## Assignment
Among the entries below, only the lines from the one with "De afbeelding die" through the one with "株式会社クラブコスメチックス(本社・大阪市 代表取締役社長:中山ユカリ)はDAISY DOLL" are to be retyped, exactly and without pictures.

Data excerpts
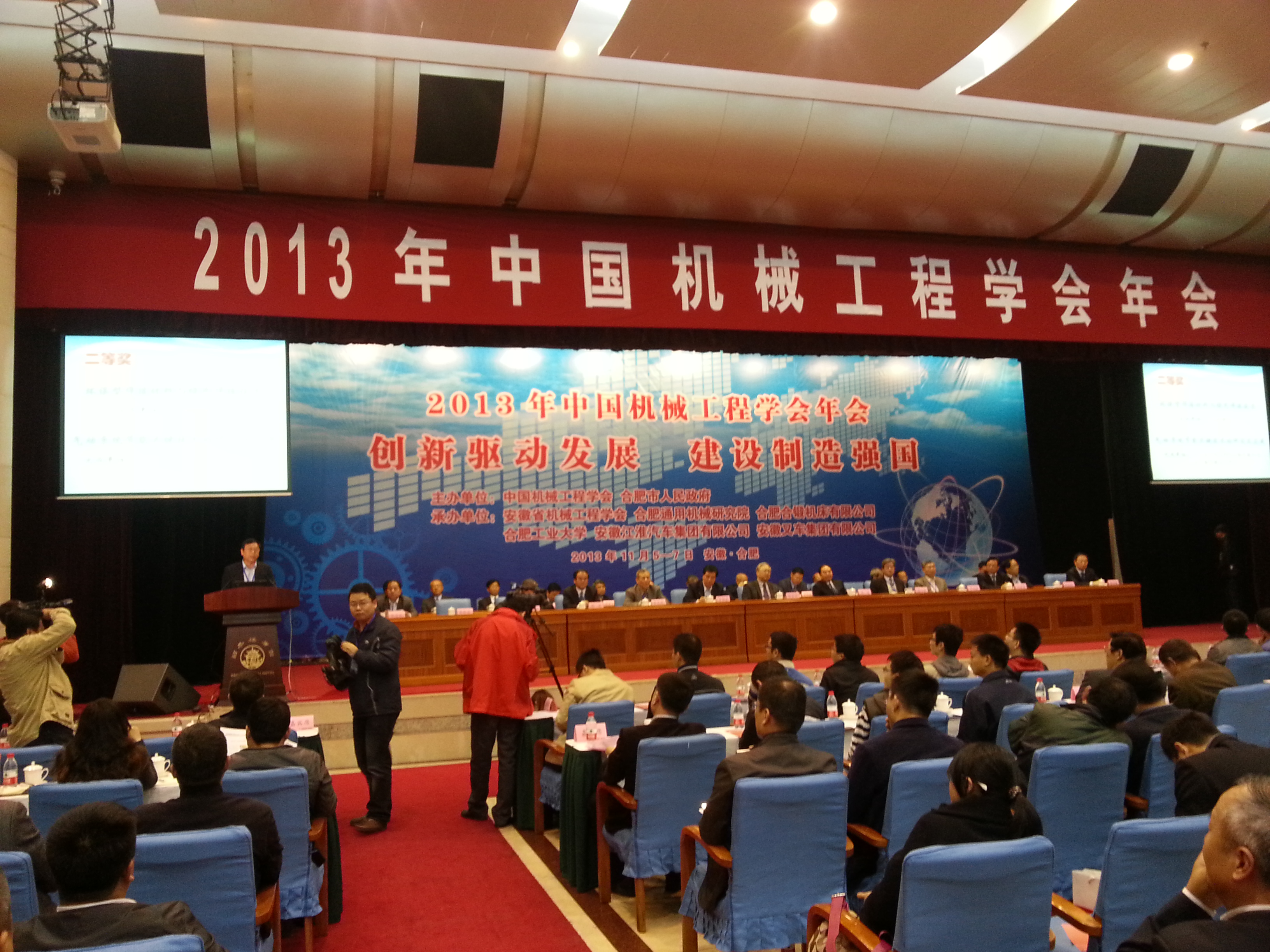 11月5-6日,2013年中國機械工程學會年會在合肥稻香樓賓館召開。全國人大常委會原副委員長、中國機械工程學會榮譽理事長路甬祥院士,中國工程院院長、中國機械工程學會理事長周濟院士等出席會議并作大會報告,我院李新亞院長作為學會副理事長出席會議并在大會上宣讀了“第三屆綠色制造科學技術進步獎”公告。我院直屬單位多名領導和專家參加了此次年會。
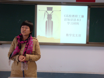 在最后的讨论交流阶段,党员们分小组探讨,并由代表进行汇报,交流思想,就许多发生在老师身边的廉洁故事发表自己的评论和见解。党支部书记党胜军老师就数学党支部发展方面做了总结发言。
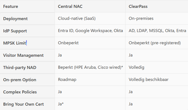 De afbeelding die je hebt gedeeld toont een vergelijking tussen Central NAC en ClearPass. Hier zijn de belangrijkste punten:
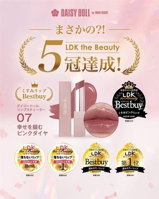 株式会社クラブコスメチックス(本社・大阪市 代表取締役社長:中山ユカリ)はDAISY DOLL by MARY QUANTから展開する『デイジードール リップ スティーラー 07 幸せを掴むピンクダイヤ』が、コスメを本音で評価する人気美容誌「LDK the Beauty」(株式会社晋遊舎)2025年10月号において「くすみピンクリップ部門」ベストバイを受賞いたしました。
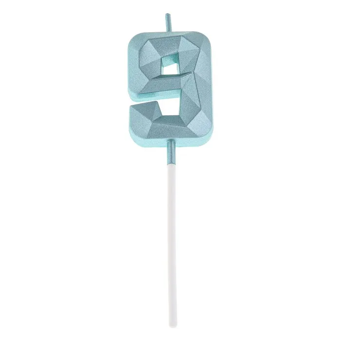 Свеча в торт на шпажке «Алмаз», цифра 9, голубая, 5 см
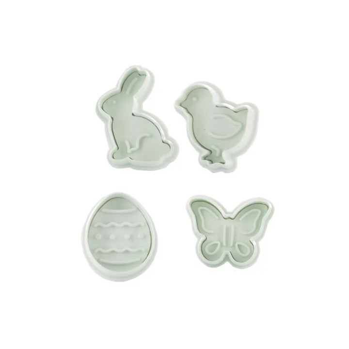 Réalisez facilement des décorations pâtissières avec ce set de 4 découpoirs éjecteurs thème Pâques. Idéal pour découper et marquer pâte à sucre, pâte d’amande ou pâte à biscuit avec des formes de lapin, poussin, œuf et papillon.
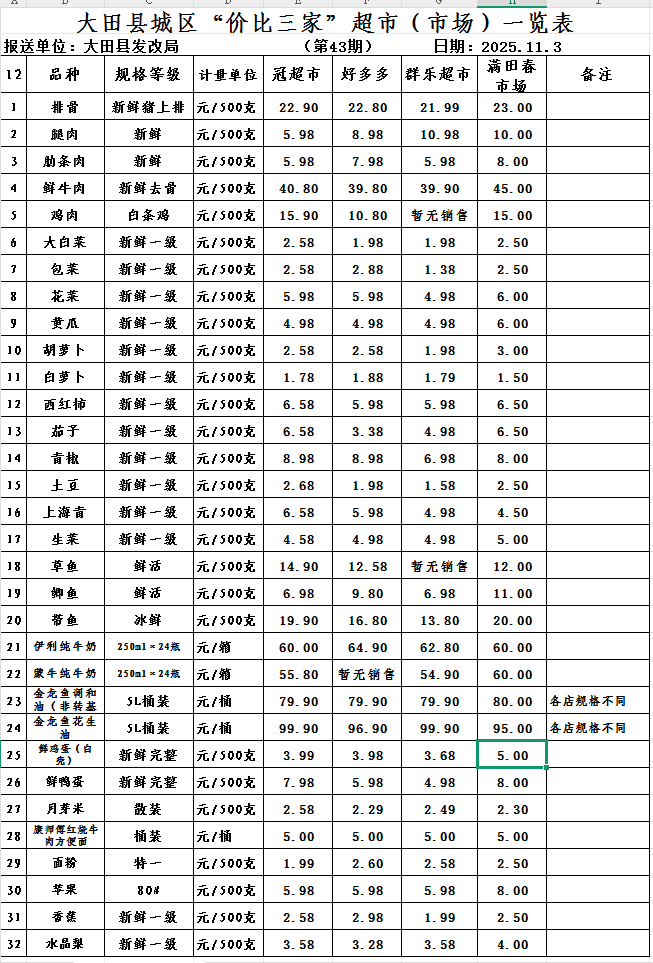 大田县城区“价比三家”超市(市场)一览表2025.11.03
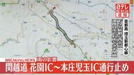 日本道路交通情報センターによりますと、雨の影響で、関越道の花園インターチェンジから本庄児玉インターチェンジの間の上下線が、午後4時半前から通行止めとなっているということです。
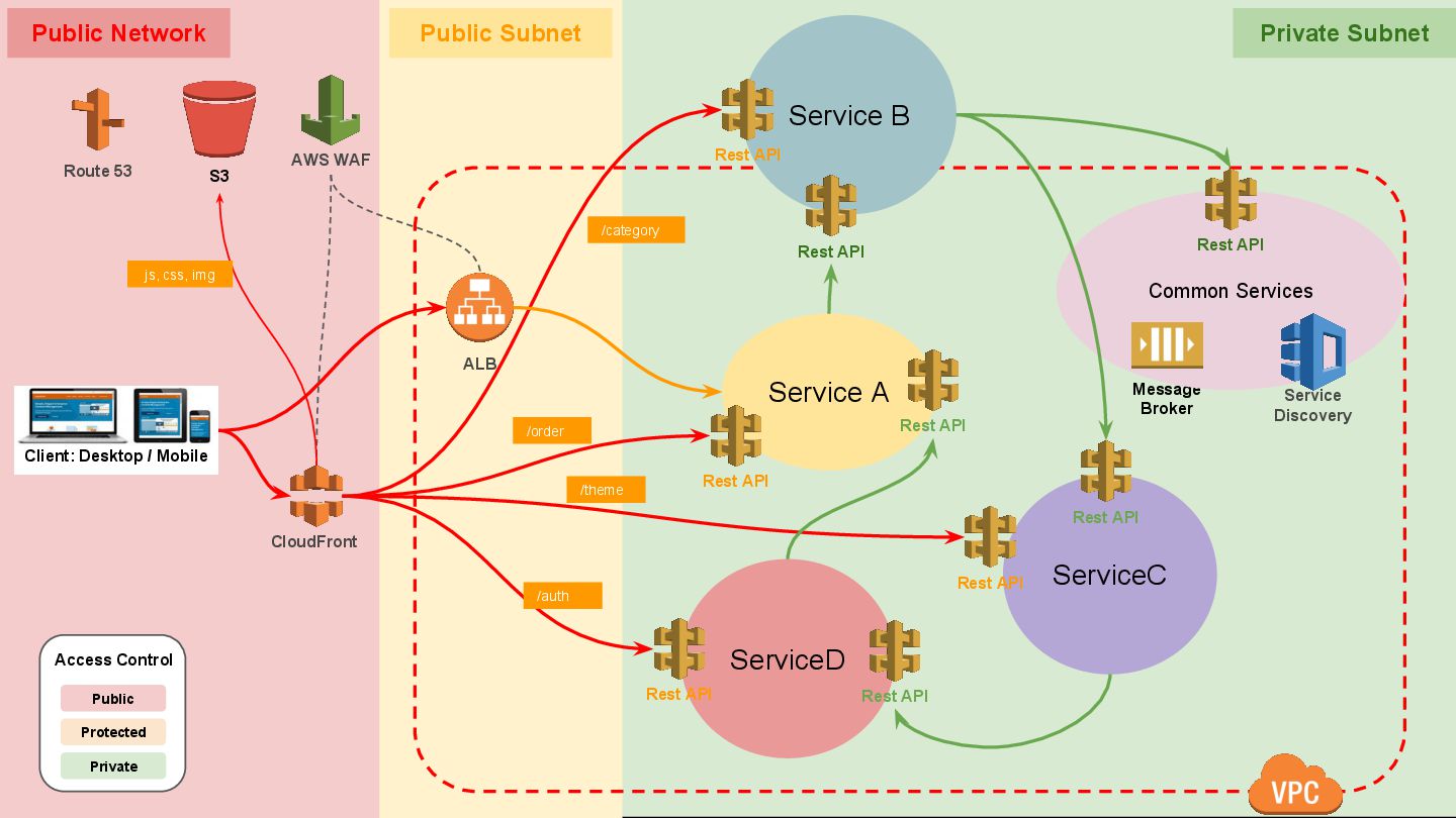 API Rest API ServiceD Rest API Rest API ServiceC Rest API Rest API CloudFront AWS WAF Route 53 ALB Client: Desktop / Mobile S3 Private Public Protected Access Control Public Subnet Private Subnet Public Network /category /order /auth /theme js, css, img Message Broker Common Services Rest API Service Discovery

## Response to this task
 De afbeelding die je hebt gedeeld toont een vergelijking tussen Central NAC en ClearPass. Hier zijn de belangrijkste punten:
 株式会社クラブコスメチックス(本社・大阪市 代表取締役社長:中山ユカリ)はDAISY DOLL by MARY QUANTから展開する『デイジードール リップ スティーラー 07 幸せを掴むピンクダイヤ』が、コスメを本音で評価する人気美容誌「LDK the Beauty」(株式会社晋遊舎)2025年10月号において「くすみピンクリップ部門」ベストバイを受賞いたしました。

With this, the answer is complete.